Было одиннадцать часов; старик немец, поглощенный мыслью о покойном друге, машинально выбрал тот путь, по которому обычно ходил с Понсом; он видел его как живого: Понс шагал тут же, рядом, и так Шмуке добрел до театра, откуда как раз выходил его друг Топинар, только что покончивший с чисткой кинкетов за кулисами и раздумывавший о тиране-директоре.
— Вот, тебья-то мнье и нушно, — воскликнул Шмуке, останавливая бедного ламповщика. — Топинар, у тебья есть квартира?
— Да, сударь.
— И шена есть?
— Да, сударь.
— Восьмешь менья в стольовники?
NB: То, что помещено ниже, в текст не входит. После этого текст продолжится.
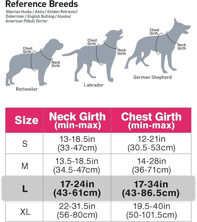 • Recommended Breeds: Medium to Large size dogs - Chest Girth: 17"-34" / Neck Girth: 17"-24", such as Labrador, German Shepherd, Alaska, Rottweiler, Akita, Husky, Golden Retriever, Doberman, Pitbull Terrier
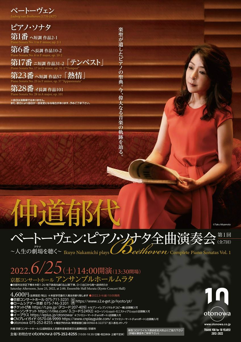 仲道郁代 ベートーヴェン:ピアノ・ソナタ全曲演奏会 第1回(全7回)~人生の劇場(ドラマ)を聴く~ 22/6/25(土) 京都コンサートホール 小ホール シェア ツイート 楽聖が遺したピアノの聖典。今、偉大なる音楽の軌跡を辿る。 公演情報 ジャンル ピアノ・鍵盤楽器 未就学児童は入場不可。ご購入の際は、氏名と電話番号を必ずご登録下さい。来場者から新型コロナウイルス感染者が発生した場合、登録された情報は保健所等の公的機関へ提供されます。予めご了承下さい。曲目・曲順は変更になる場合があります。 料金 全席指定-4,600円 表示できるチケット情報はありません詳しくはこちら キャスト&スタッフ ピアノ 仲道郁代 お問い合わせ オトノワ 公式サイト シェア ツイート
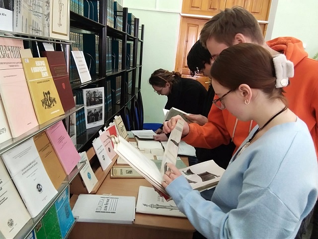 Студенты историки посетили научную библиотеку НовГУ, чтобы познакомиться в читальном зале Гуманитарного института с двумя книжными выставками из цикла «Лица новгородской истории. Они создавали, сохраняли и развивали культуру и историю Новгородской земли» Это выставка, посвященная Болеславу Донатовичу Ершевскому - археологу и историку, сотруднику НГОМЗ, руководителю десятков аржеологических раскопов на территории нашего региона и города, кандидату исторических наук и доценту кафедры истории, проработавшему 20 лет сначала в Пединституте, а затем в НовГУ и воспитавшему несколько поколений историков. И вторая выставка, рассказывающая о сложной судьбе Куликова Михаила Ивановича, участника Великой Отечественной войны, сражавшегося на Новгородской земле. 20 лет он работал на Крайнем Севере – на Чукотке, где занимался комсомольской и партийной работой, создавал Магаданский Пединститут. И в 1965 году вновь вернувшись на Новгородскую землю, стал - зав. кафедрой, проректором, а затем и ректо
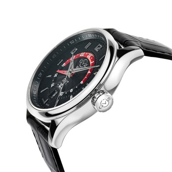 Stainless steel case with a black leather strap. Fixed stainless steel bezel. Black dial with silver-tone dauphine-style skeleton hands and Arabic numeral and index hour markers. 24 hour (GMT) markers. Arabic numeral minute markers (at 5 minute intervals). Minute markers around the outer rim. Dial Type: Analog. Date display at the 6 o'clock position. Quartz movement. Scratch resistant sapphire crystal. Pull / push crown. Solid case back. Round case shape. Case size: 42 mm. Case thickness: 12 mm. Band width: 20 mm. Deployment clasp with a push button release. Water resistant at 50 meters / 165 feet. Functions: GMT, second time zone, date, hour, minute, second. Giromondo Series. Fashion watch style. Watch label: Swiss Made. GV2 by Gevril Giromondo Quartz Black Dial Men's Watch 42303.
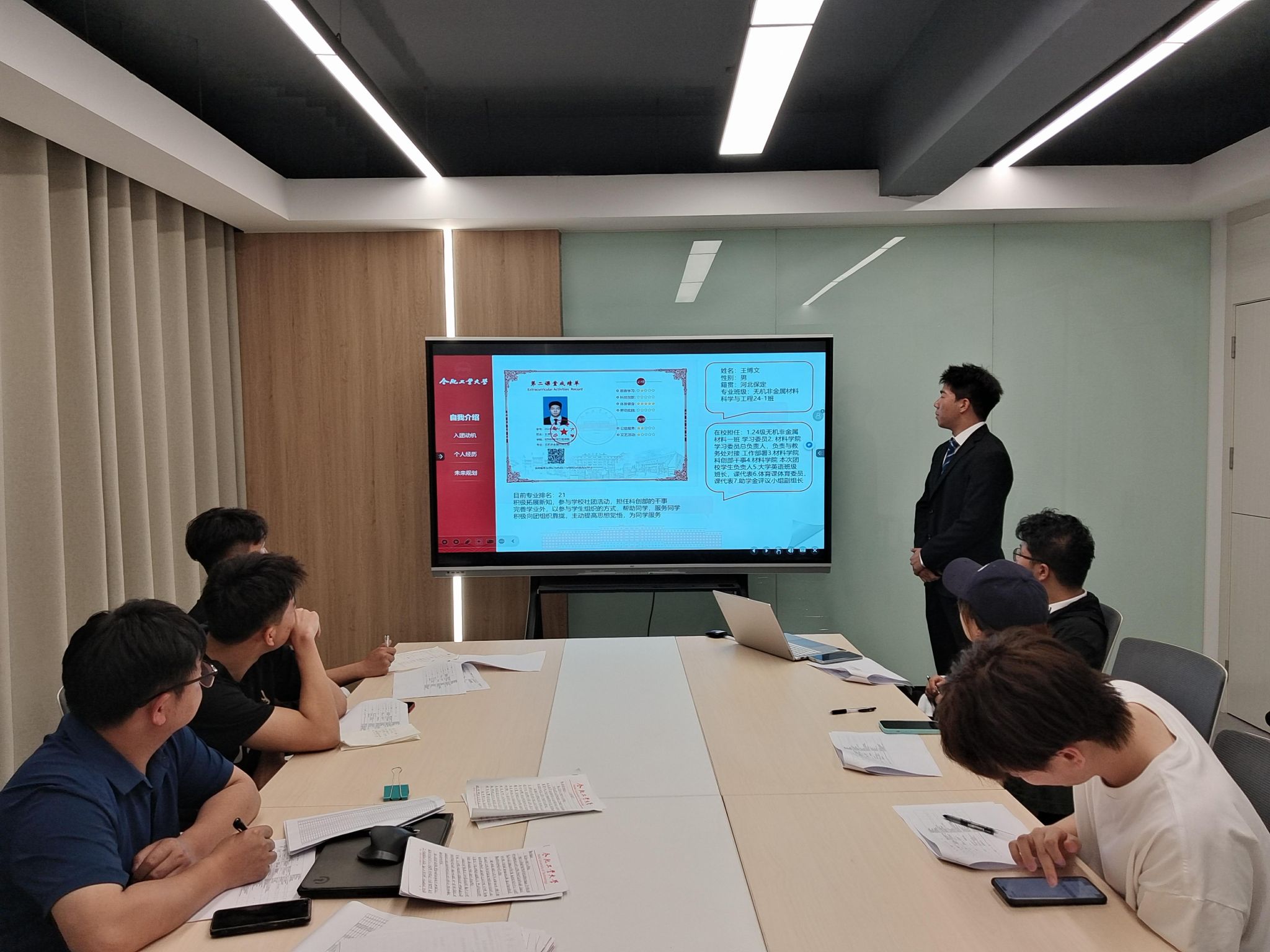 4月29日下午,必赢线路检测3003在翡翠湖校区二号学生社区沙龙空间举办入团申请答辩展示会。学院相关负责人、年级辅导员、入团积极分子和各班级学生代表参加本次答辩会。

Я хорошо заплатшу, у менья девятьсот франков ренти, а шить мне остальось недольго... Я тебья не буду стеснять... Я все ем... Мнье только трубка моя нушна... А тебья я люблю, ведь только ми с тобой над Понсом и поплякали.
— Я бы, сударь, всей душой, да только... можете себе представить, господин Годиссар мне такую нахлобучку дал...
— Нахлобутшку?
— Попросту говоря, намылил голову.
— Намилиль гольову?
— Ну, ругал меня за то, что я принял в вас участие... Если вы хотите перебраться ко мне, надо все в тайне держать! Да только не думаю, чтоб вам у меня понравилось, вы не знаете, как такие бедняки, как я, живут...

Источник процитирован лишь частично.